AI researchers and labs have advanced by leaps and bounds in evaluating AI models for every thing from safety and compliance to sycophancy and alignment. But it surely appears corporations and developers are faced with a brand new, specific need: ensuring that their AI system behaves as intended for his or her specific services or products.
In a bid to make that testing process simpler, Microsoft on Tuesday took the wraps off ASSERT, short for Adaptive Spec-driven Scoring for Evaluation and Regression Testing.
The open-source framework, Microsoft says, makes evaluating application-specific AI behavior easy by utilizing AI to show high-level, natural-language descriptions of goals, policies, or intended behaviors into thorough, scored tests that might be investigated.
ASSERT takes plain-language descriptions of an AI model’s expected behavior and policies, turns them right into a structured set of acceptable and unacceptable behaviors, generates problem scenarios and test cases, runs them against the goal system, and scores the outcomes.
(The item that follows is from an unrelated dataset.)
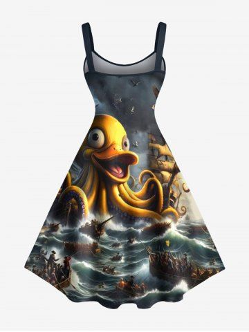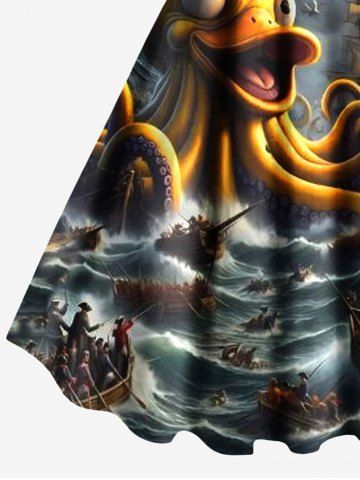 Graphic Dresses > Plus Size Octopus Ship Sea Waves Cruise Print Hawaii Tank Dress

It might probably also record the paths the AI system takes, including intermediate actions and gear calls, so developers can inspect where failures occur.
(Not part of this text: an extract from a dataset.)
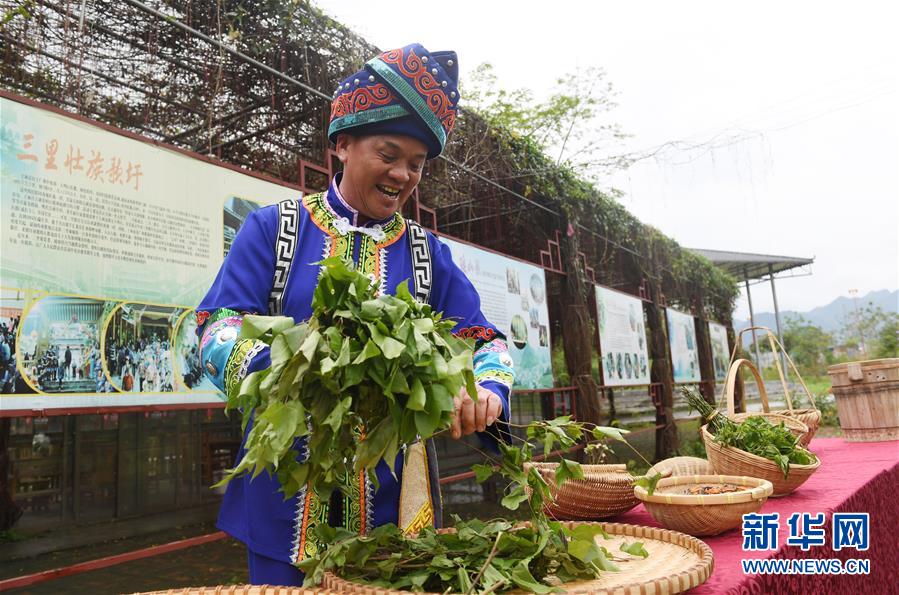 3月25日,在廣西上林縣巷賢鎮(zhèn),一名壯族村民在準備做五色糯米飯。新華社記者陸波岸攝

Devs can provide system context, tools, and constraints, too, in the event that they wish to further customize what the evaluations cover.
For instance, a developer could specify that a document research AI agent shouldn’t send emails to people outside the corporate, limit confidential information to C-level executives, and supply concise summaries with prior context in mind. ASSERT will use those rules to generate test cases that check whether the system follows those rules on an ongoing basis.
The framework, in keeping with Microsoft, fills a spot that broader, more general evaluations cannot when AI models are intended to behave in a fashion that is formed by an application or product’s context, policies, and tools.
“One in all the things we’ve learned is that evaluations are absolutely critical to creating good decisions,” said Sarah Bird, chief product officer of Responsible AI at Microsoft. “Because should you don’t understand the behavior of the AI system, it’s really hard to know if it’s meeting your organization’s bar […] What we found is that should you really need to have a trustworthy system, you need to evaluate many more dimensions which might be application-specific.”
Bird said ASSERT might be used to guage systems after they’re being built, after deployment, and even for continuous monitoring.
The discharge comes amidst a gradual but broader shift within the AI industry. As models grow more capable, researchers are specializing in repeatable testing and regression checks, with Stanford’s HELM, MLCommons’ AILuminate, and evaluation groups like METR rolling out benchmarks to measure how models behave under different conditions.
While you purchase through links in our articles, we may earn a small commission. This doesn’t affect our editorial independence.